### EXERCISE GOAL
Directions for the data below: repeat exactly the lines from the one with "Значительная часть этих" through the one with "Cumulative degree-days for", both included, and omit all pictures.

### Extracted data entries

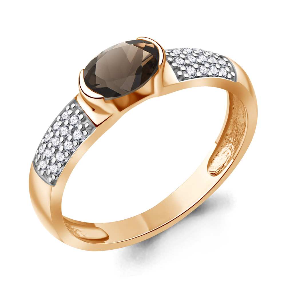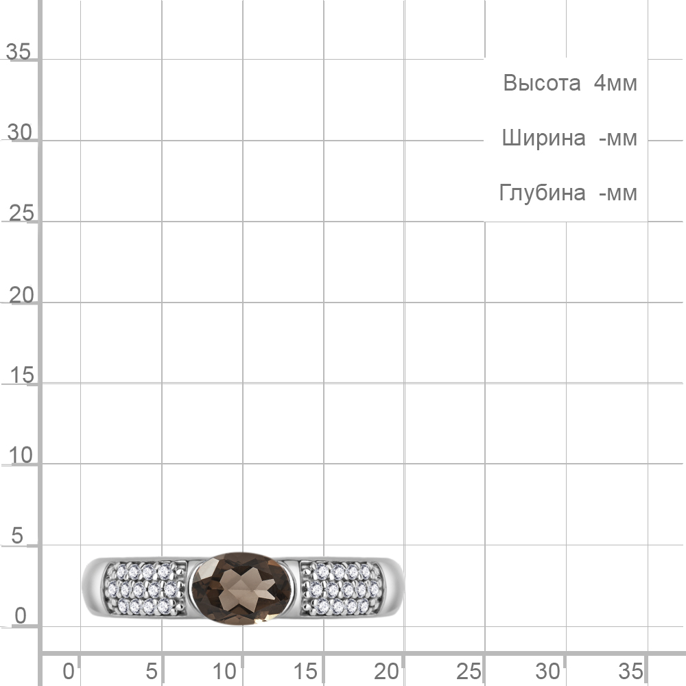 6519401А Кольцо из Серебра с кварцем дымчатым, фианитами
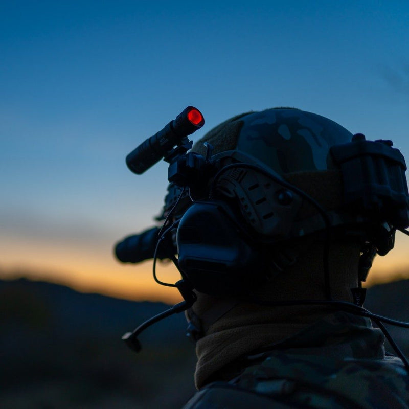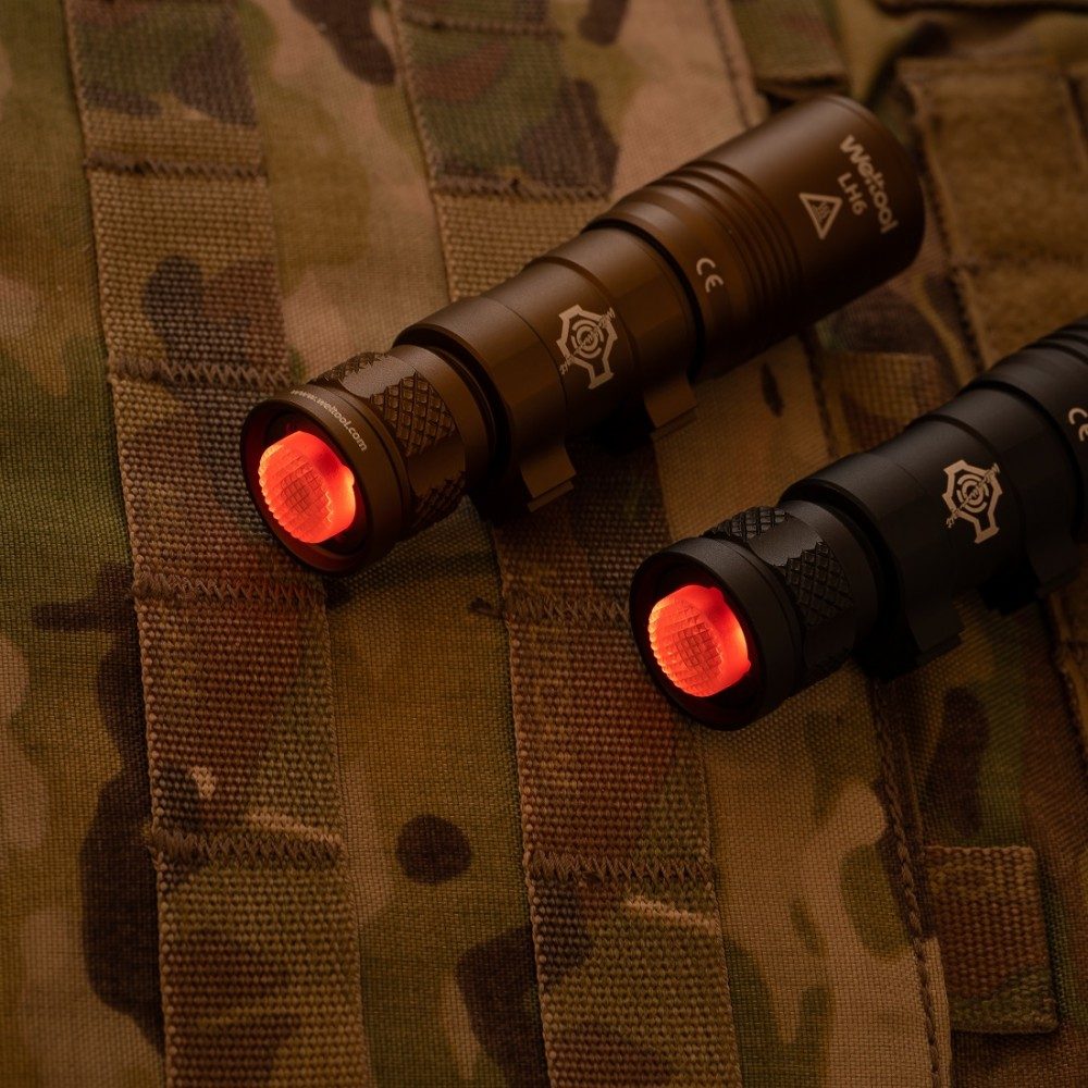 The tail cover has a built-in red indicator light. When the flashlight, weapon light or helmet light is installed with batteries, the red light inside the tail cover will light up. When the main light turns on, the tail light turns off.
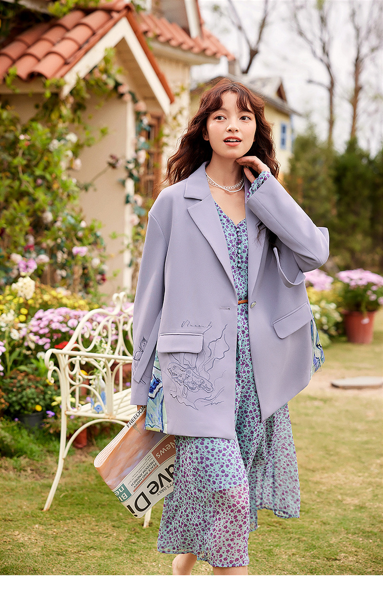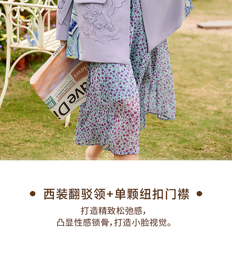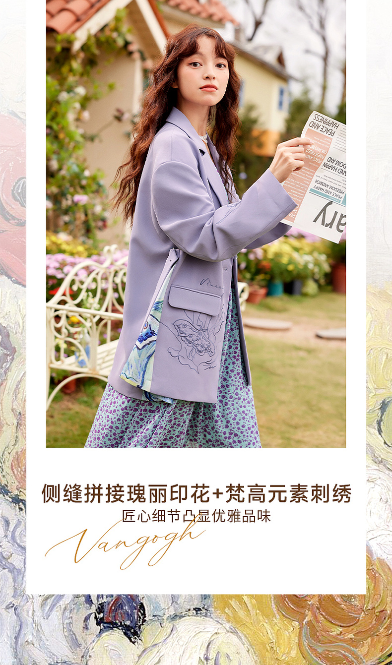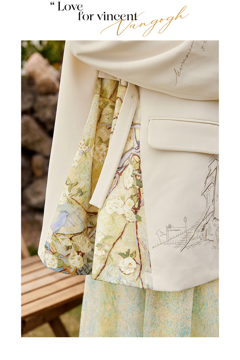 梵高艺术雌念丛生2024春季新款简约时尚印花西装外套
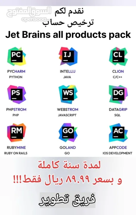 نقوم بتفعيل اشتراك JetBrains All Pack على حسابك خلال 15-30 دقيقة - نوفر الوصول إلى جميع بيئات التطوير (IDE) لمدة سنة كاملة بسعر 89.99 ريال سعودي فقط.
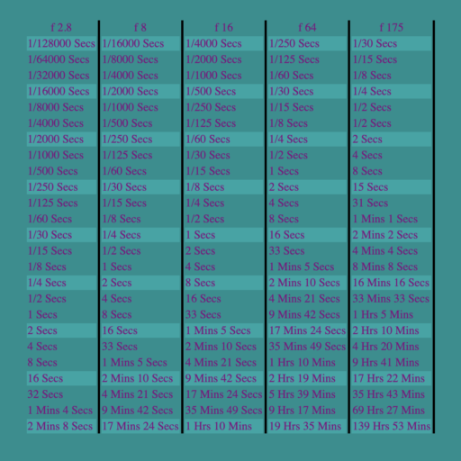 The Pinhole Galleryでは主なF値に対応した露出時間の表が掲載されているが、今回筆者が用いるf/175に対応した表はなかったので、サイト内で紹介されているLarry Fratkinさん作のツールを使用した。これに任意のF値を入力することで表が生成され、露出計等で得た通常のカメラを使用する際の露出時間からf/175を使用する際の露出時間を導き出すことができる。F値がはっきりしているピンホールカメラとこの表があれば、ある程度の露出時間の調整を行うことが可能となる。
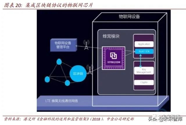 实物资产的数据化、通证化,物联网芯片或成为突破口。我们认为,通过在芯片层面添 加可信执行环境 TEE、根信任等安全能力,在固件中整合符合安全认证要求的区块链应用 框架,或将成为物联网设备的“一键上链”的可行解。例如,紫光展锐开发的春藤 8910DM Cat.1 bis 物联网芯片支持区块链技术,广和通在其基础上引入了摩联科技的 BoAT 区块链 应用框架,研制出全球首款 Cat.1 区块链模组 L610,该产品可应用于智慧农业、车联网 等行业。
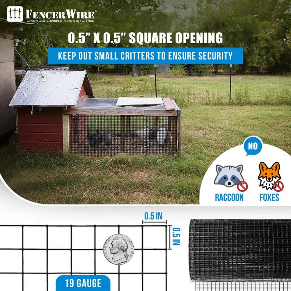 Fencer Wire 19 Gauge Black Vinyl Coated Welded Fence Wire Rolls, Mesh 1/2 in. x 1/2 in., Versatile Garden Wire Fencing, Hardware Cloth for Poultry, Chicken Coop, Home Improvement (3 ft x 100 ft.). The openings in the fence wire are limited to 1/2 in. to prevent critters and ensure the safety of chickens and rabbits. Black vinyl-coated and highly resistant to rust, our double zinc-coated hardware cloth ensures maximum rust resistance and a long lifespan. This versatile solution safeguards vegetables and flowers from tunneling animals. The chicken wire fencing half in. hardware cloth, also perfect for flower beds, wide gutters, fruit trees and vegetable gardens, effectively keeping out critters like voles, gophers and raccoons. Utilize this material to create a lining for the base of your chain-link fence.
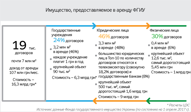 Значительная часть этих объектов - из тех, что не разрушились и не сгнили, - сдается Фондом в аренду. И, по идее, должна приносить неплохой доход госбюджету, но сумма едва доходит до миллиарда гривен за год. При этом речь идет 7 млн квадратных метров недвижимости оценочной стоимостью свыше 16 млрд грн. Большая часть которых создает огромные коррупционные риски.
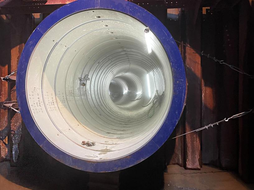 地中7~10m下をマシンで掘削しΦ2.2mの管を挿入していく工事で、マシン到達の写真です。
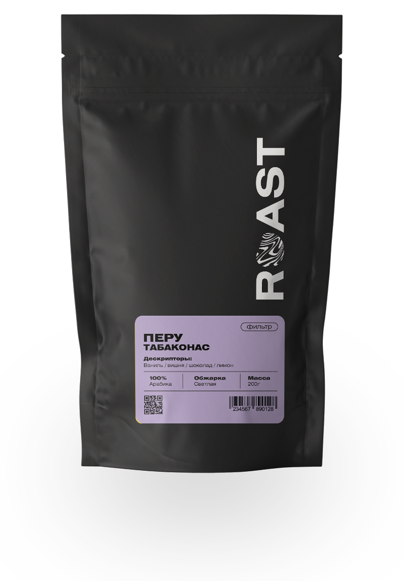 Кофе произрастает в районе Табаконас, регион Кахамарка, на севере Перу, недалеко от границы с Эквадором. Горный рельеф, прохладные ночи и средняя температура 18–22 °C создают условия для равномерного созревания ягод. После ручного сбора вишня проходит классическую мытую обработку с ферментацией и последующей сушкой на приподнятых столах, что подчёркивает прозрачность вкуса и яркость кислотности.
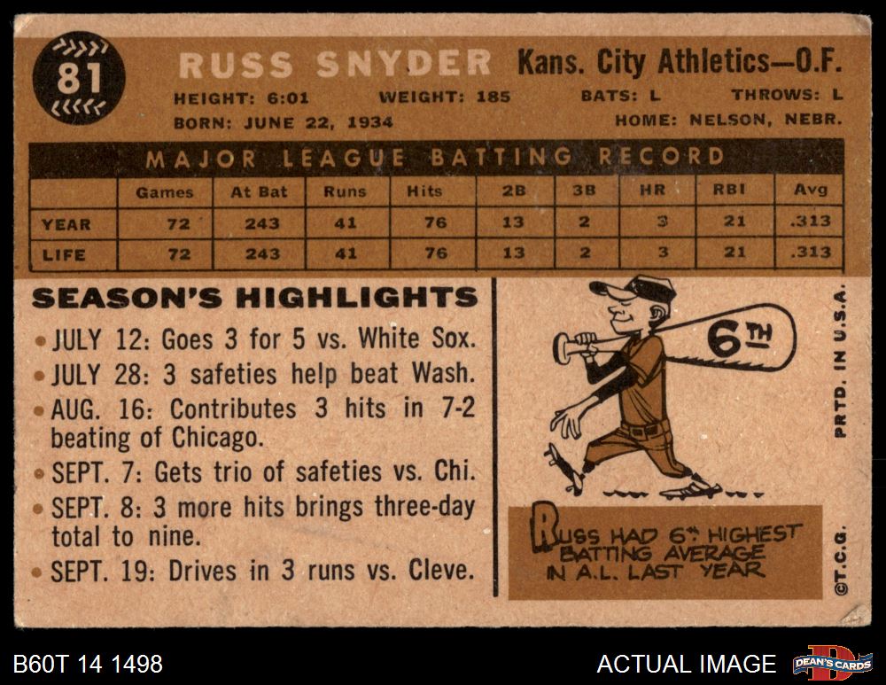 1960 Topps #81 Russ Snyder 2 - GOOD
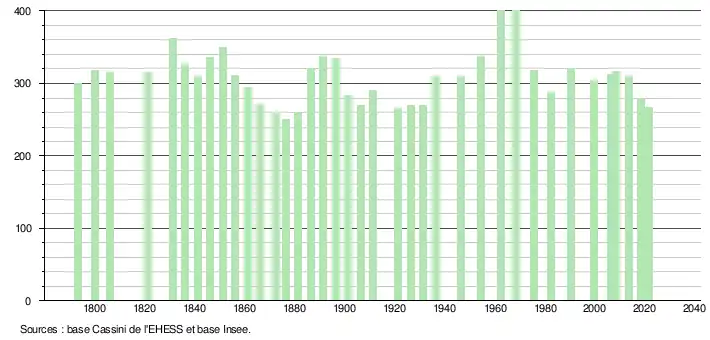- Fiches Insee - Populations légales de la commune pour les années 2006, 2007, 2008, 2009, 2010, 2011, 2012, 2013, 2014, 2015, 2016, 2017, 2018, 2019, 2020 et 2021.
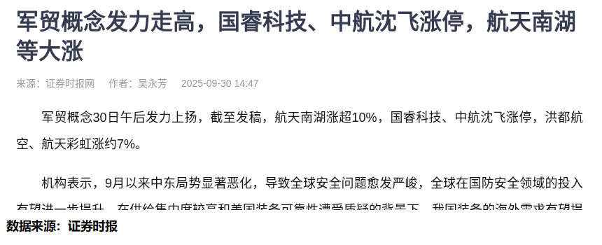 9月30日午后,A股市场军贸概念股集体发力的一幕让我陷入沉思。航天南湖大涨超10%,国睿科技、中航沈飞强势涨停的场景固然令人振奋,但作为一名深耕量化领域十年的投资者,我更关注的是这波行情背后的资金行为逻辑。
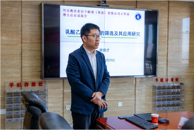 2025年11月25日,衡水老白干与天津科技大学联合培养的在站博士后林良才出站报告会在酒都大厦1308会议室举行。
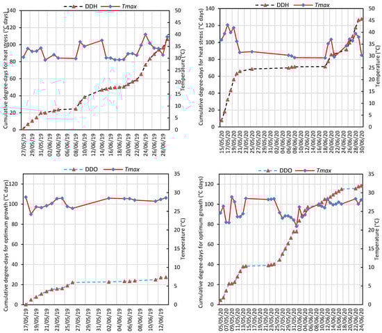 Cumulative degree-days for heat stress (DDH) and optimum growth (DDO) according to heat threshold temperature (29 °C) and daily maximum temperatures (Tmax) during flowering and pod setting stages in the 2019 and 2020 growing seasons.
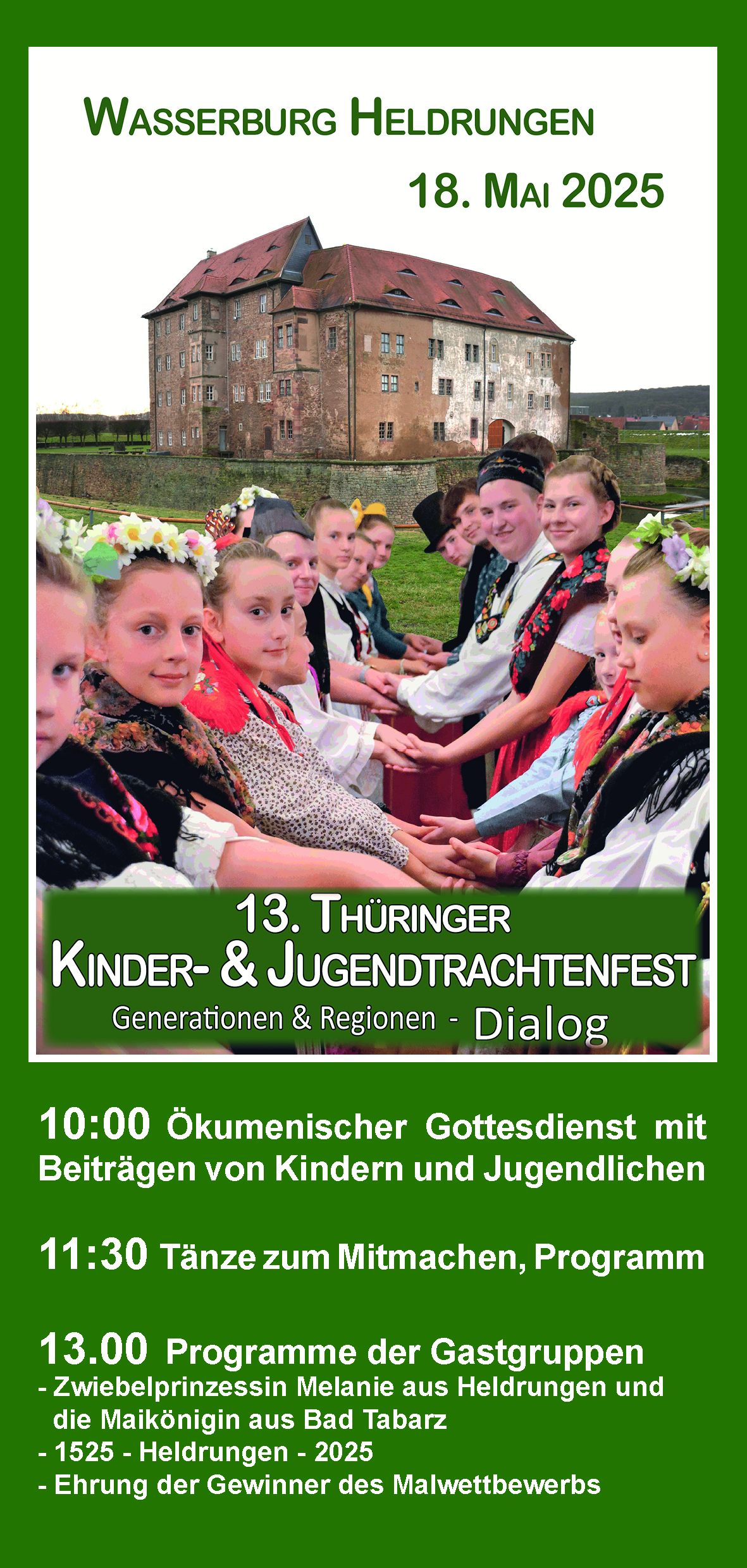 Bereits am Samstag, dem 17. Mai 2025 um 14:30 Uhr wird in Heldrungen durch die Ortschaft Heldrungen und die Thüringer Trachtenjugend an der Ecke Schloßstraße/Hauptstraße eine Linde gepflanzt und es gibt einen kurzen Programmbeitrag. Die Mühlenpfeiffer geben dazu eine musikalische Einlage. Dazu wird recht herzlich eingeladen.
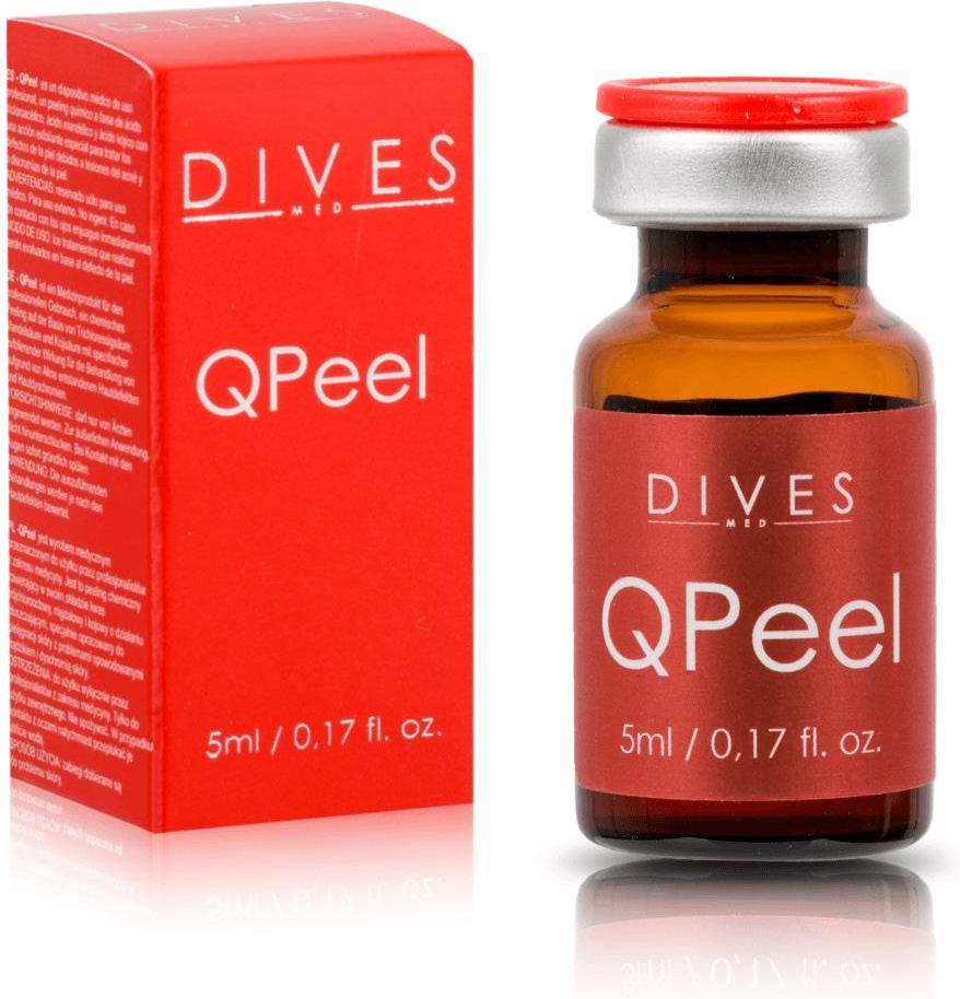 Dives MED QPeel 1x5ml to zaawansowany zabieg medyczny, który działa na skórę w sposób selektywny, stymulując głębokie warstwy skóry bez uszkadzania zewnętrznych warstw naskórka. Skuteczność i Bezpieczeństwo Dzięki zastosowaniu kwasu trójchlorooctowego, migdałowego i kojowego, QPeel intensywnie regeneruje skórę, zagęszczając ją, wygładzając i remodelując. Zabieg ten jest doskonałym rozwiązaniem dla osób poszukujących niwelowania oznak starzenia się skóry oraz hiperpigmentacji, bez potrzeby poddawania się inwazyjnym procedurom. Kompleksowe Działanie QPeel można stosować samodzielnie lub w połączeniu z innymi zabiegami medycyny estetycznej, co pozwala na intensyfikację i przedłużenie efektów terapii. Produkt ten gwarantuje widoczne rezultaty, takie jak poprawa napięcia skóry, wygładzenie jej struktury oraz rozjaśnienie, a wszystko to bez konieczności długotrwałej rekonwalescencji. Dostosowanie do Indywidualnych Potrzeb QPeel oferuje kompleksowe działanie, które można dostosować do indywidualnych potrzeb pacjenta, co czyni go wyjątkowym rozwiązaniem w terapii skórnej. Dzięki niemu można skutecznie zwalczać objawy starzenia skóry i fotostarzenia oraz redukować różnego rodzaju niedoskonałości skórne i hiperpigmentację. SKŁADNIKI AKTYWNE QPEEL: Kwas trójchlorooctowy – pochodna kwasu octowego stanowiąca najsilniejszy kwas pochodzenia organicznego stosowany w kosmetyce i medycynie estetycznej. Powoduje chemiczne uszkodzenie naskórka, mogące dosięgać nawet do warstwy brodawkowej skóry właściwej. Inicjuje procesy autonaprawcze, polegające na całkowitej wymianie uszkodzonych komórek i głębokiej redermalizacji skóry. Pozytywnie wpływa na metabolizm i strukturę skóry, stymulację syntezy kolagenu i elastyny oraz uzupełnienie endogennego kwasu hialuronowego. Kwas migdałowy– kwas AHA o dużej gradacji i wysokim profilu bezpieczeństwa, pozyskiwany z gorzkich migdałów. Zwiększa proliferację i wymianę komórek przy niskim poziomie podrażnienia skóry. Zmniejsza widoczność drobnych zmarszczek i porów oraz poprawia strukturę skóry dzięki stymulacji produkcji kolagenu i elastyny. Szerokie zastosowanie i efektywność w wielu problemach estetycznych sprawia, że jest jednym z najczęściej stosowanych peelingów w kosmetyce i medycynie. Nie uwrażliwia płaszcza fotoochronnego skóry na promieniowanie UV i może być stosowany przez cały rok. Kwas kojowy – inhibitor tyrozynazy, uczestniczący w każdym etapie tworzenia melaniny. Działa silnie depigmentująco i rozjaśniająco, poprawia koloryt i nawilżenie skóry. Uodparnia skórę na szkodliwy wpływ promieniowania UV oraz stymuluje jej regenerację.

### PROBLEM SOLUTION
 Значительная часть этих объектов - из тех, что не разрушились и не сгнили, - сдается Фондом в аренду. И, по идее, должна приносить неплохой доход госбюджету, но сумма едва доходит до миллиарда гривен за год. При этом речь идет 7 млн квадратных метров недвижимости оценочной стоимостью свыше 16 млрд грн. Большая часть которых создает огромные коррупционные риски.
 地中7~10m下をマシンで掘削しΦ2.2mの管を挿入していく工事で、マシン到達の写真です。
 Кофе произрастает в районе Табаконас, регион Кахамарка, на севере Перу, недалеко от границы с Эквадором. Горный рельеф, прохладные ночи и средняя температура 18–22 °C создают условия для равномерного созревания ягод. После ручного сбора вишня проходит классическую мытую обработку с ферментацией и последующей сушкой на приподнятых столах, что подчёркивает прозрачность вкуса и яркость кислотности.
 1960 Topps #81 Russ Snyder 2 - GOOD
- Fiches Insee - Populations légales de la commune pour les années 2006, 2007, 2008, 2009, 2010, 2011, 2012, 2013, 2014, 2015, 2016, 2017, 2018, 2019, 2020 et 2021.
 9月30日午后,A股市场军贸概念股集体发力的一幕让我陷入沉思。航天南湖大涨超10%,国睿科技、中航沈飞强势涨停的场景固然令人振奋,但作为一名深耕量化领域十年的投资者,我更关注的是这波行情背后的资金行为逻辑。
 2025年11月25日,衡水老白干与天津科技大学联合培养的在站博士后林良才出站报告会在酒都大厦1308会议室举行。
 Cumulative degree-days for heat stress (DDH) and optimum growth (DDO) according to heat threshold temperature (29 °C) and daily maximum temperatures (Tmax) during flowering and pod setting stages in the 2019 and 2020 growing seasons.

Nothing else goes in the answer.